In der IT-Rechtsprechung sind schon bisher Urteile deutscher Gerichte nur selten einheitlich und auch nicht immer von IT-Experten nachvollziehbar. Der Paragraf 202 c eignet sich somit bestens, eine neue Dimension der Nichtnachvollziehbarkeit von Gerichtsurteilen herzustellen. Da der Gesetzentwurf noch nicht einmal eine eindeutige Definition dessen liefert, was überhaupt ein Hackerprogramm ist, müssen demnächst wohl die Richter die Hausaufgaben der Politik machen. Und das, obwohl kaum ein Richter in Deutschland IT-Expertenwissen aufweisen kann.

Eine glatte Sechs

Kurz: Die Novelle des Strafgesetzbuches, bei der u.a. der Paragraf 202 c eingeführt wurde, führt zu extrem negativen Auswirkungen in der Informations- und Innovationssicherheit. Sie belastet somit die Standortattraktivität Deutschlands. Hält ein Richter sich zukünftig an die Novelle, so werden aus verantwortungsvollen Leistungsträgern unserer Gesellschaft Kriminelle. Das Gesetz ist inhaltlich eine glatte Sechs. Das bereits überarbeite Gesetz bedarf dringend einer grundlegenden Überholung und zwar vor der Verkündung im Bundesgesetzblatt. Ohne eine solche Überarbeitung wird die IT-Sicherheit in Deutschland einen bislang nicht da gewesenen Einschnitt erleiden, da es Experten per Gesetz untersagt wird unverzichtbare Sicherheitsleistungen zu erbringen.
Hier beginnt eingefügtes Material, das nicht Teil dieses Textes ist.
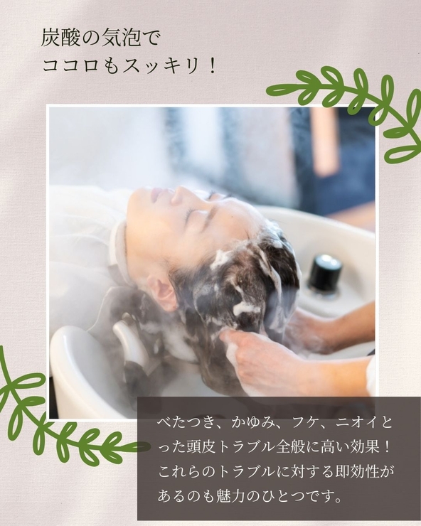 ◆炭酸によって頭皮を洗浄 炭酸泉の細かな気泡が毛穴に詰まった皮脂汚れを洗い流します。 血流が悪くなってターンオーバーが乱れている地肌は皮脂が過剰に分泌され、フケやかゆみが発生しやすい状態。 炭酸には、こういった頭皮環境を整える効果があります。 ◆ハリ、コシのある髪に 頭皮環境が整うと、頭皮から毛髪に多くの栄養が送られるので、弱った髪が強くなり、ハリやコシの向上が期待できます。 ◆眼精疲労や肩こりにも◎ 長時間同じ体勢だったり、パソコン作業をする機会が多かったりすると血行不良に陥りやすくなります。 目の疲れや肩こりが原因なら、炭酸ヘッドスパで解消できる可能性があります。

Einzig die Weigerung des Bundespräsidenten, seine Unterschrift zur Ausfertigung zu leisten, könnte das Inkrafttreten des Gesetzes verhindern. Zur Prüfung der vorgetragenen Punkte habe ich unsere Unterlagen und Ausarbeitungen dem Bundespräsidenten Dr. Horst Köhler zugestellt und um Prüfung gebeten.